Между нами горы - Чарльз Мартин
Шрифт:
Интервал:
Закладка:
Целые сутки ты не убирала магнитофон ото рта, ведя меня по своему маршруту и сопровождая беседой каждый шаг. У тебя всегда был дар общения с детьми, поэтому первым делом мы отправились к тебе на работу, в детское отделение, и там ты провела меня по всем палатам, где каждого ребенка называла по имени, всех обнимала, совала плюшевого мишку, играла в видеоигры или в куклы. Ты без труда переходила на их уровень. Собственно, почти все, что я знаю о врачебном такте, – твоя наука. Они увидели магнитофон и спросили, зачем он тебе. Ты совала им магнитофон, и каждый обращался ко мне, звеня теперь у меня в кабине весельем и надеждой. Я мало что знал об их диагнозах и врачах, но подсказкой служили их голоса. То, как ты на них действуешь, можно было осязать. Как и то, как им будет тебя не хватать.
Мы побывали в продовольственном магазине и сделали покупки по твоему списку. В торговом центре купили туфли и подарок кому-то на день рождения. Сидя в кресле парикмахерской, ты слушала рассказ мастера-стилиста о проблеме запаха из подмышек у ее бойфренда.
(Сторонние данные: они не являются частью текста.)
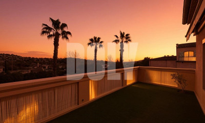L'espace de réception se compose d'un vaste séjour, d'une salle à manger élégante et d'une cuisine entièrement équipée, le tout s'ouvrant harmonieusement sur de larges terrasses pensées aussi bien pour la détente que pour la réception. L'espace nuit accueille une suite principale, dotée de sa salle de bains privative et de deux dressings, ainsi que trois chambres supplémentaires, chacune bénéficiant de sa propre salle de bains en suite. Un toilette invités et une salle de douche indépendante complètent ce niveau avec raffinement.

Когда мастер отлучилась, чтобы встретить очередную клиентку, ты прошептала в магнитофон: «Если она думает, что от ее парня пахнет, ей стоило бы пробежаться с тобой». Потом ты взяла меня на педикюр, где педикюрша сказала, что у тебя многовато мозолей из-за злоупотребления бегом. На дневном киносеансе ты, хрустя прямо мне в ухо попкорном, велела мне закрыть глаза, потому что на экране целуются. «Ладно, шучу. Ты целуешься лучше, чем он. Он грубиян. Спрашиваешь, откуда у меня такие познания? Ну… – Я слышал, как ты улыбаешься. – Разбираюсь, и все». После сеанса ты отправилась в туалет и перед дверью сказала: «Сюда тебе нельзя. Только для женщин».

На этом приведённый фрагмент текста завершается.